New Technology for a New Century
Session 3 - Experiences on Cadastral Systems
DEVELOPMENT OF HYBRID VECTORIZING SOFTWARE FOR DIGITIZATION OF CADASTRAL MAPS
Byoungjun SEO, Jaejoon JEONG, Jaebin LEE and Prof. Yongil KIM, Korea
The Cadastral map is a basic data that prescribes lot numbers, the classification of land category, and the boundaries and ownerships of land parcels. In Korea, the government has tried to digitalize cadastral maps and inputted the attribute informations of cadastral maps. But, the efficiency problems have been raised, because the cadastral services mainly depend on the manual works.
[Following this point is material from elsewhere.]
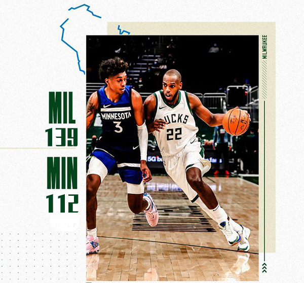 雄鹿139-112大胜森林狼 字母哥37+8+8 唐斯26+8+11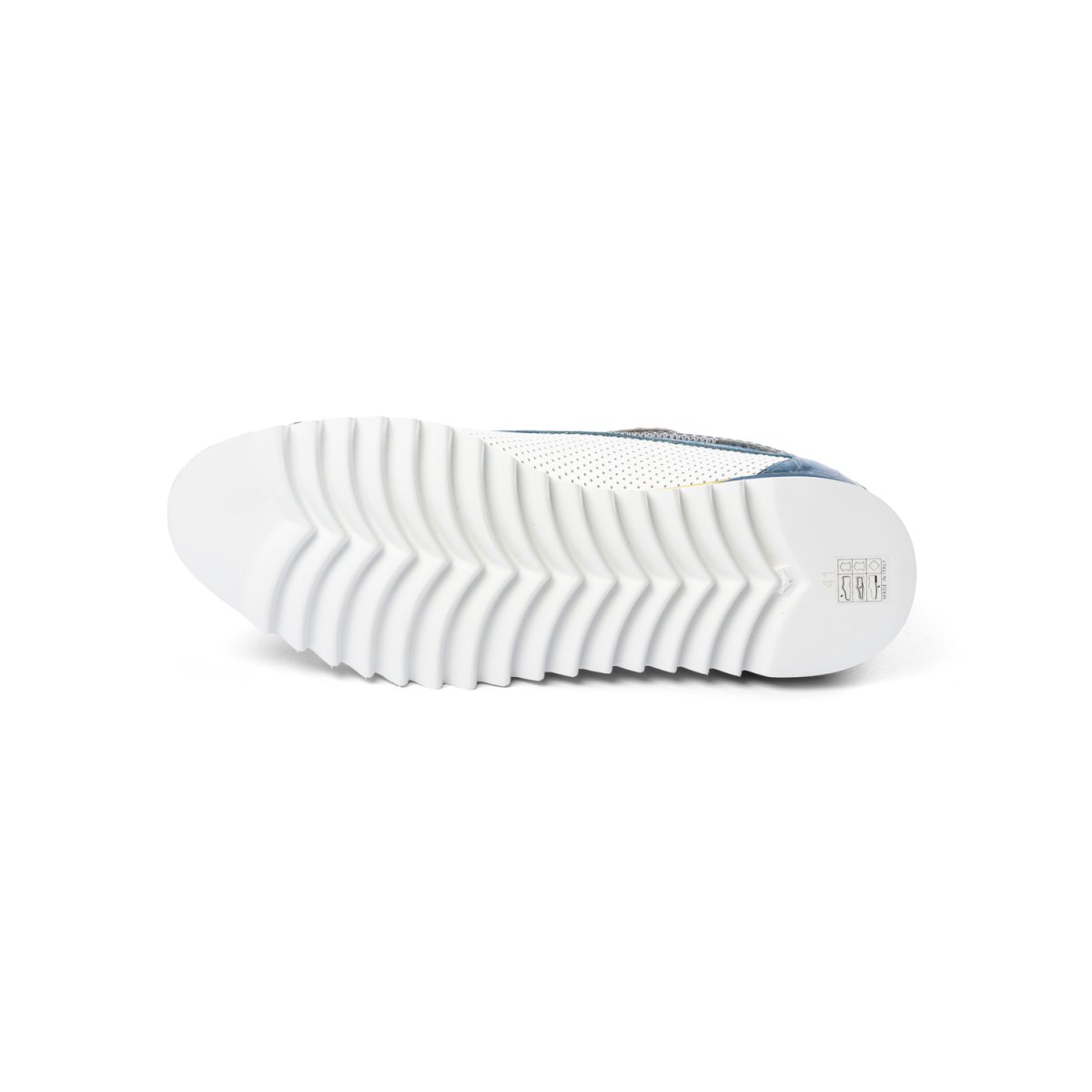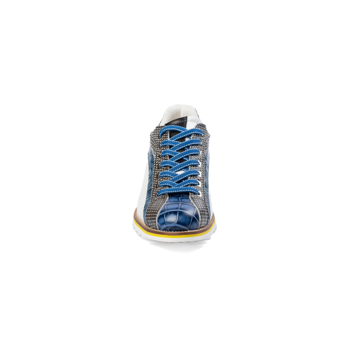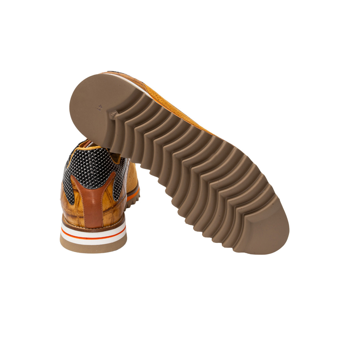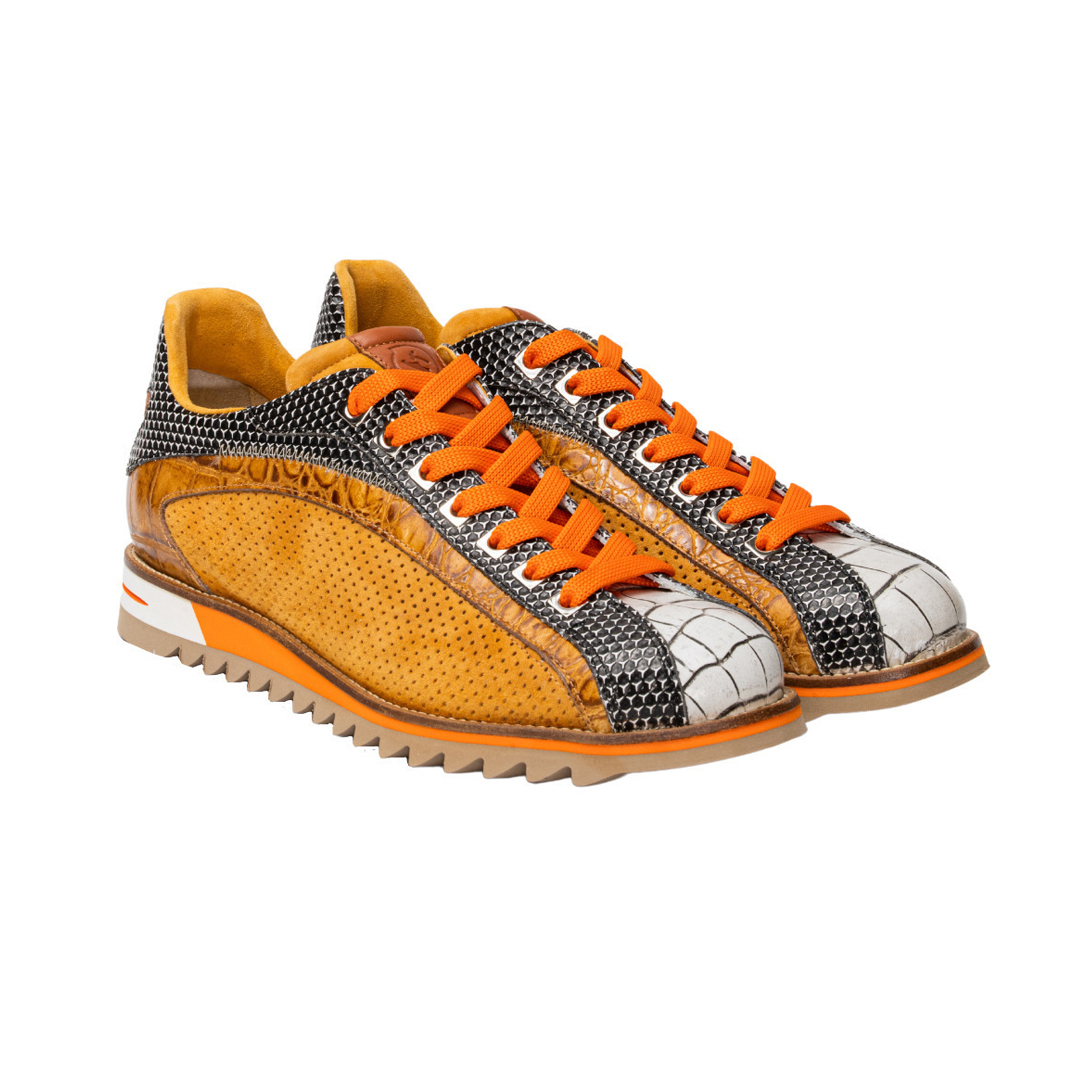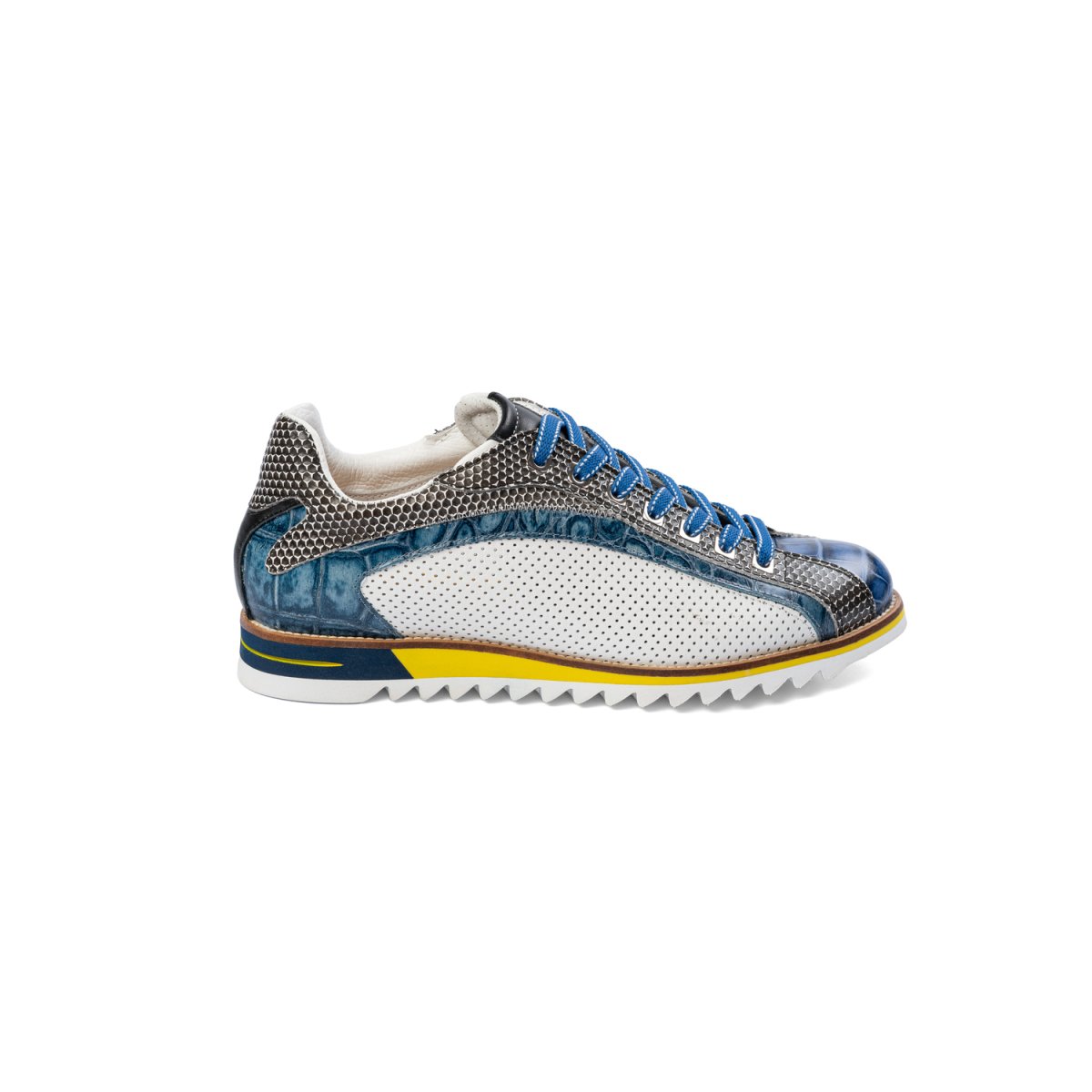 Sneakers artigianale realizzata in pelle di vitellino, la parte coccodrillo stampata, e in camoscio, la parte laterale, che vengono trattate e colorate artigianalmente. Texture microforata sulla tomaia ma essendo la calzatura foderata la si può utilizzare anche nei periodi di pioggia. La suola è interamente in gomma antiscivolo ottima anche per ambienti sul bagnato.

Also, the figure informations of cadastral maps were not digitalized that there have been many problems in establishing the efficient land information systems.
In this study, we developed the hybrid vectorizing software to enhance the deficiency of the analogue methods and to ensure the accuracy of the cadastral maps. The hybrid vectorizing adopts a screen-digitizing method as a prototype and automates the procedure of searching the intersection of lines with efficiency. Consequently, in the aspect of the accuracy, there is no difference with the screen-digitizing method because the hybrid method is based on the screen-digitizing. In the aspect of the efficiency, we can input the neatline layers at regular intervals and the deformed neatline layers, and shorten the data input time.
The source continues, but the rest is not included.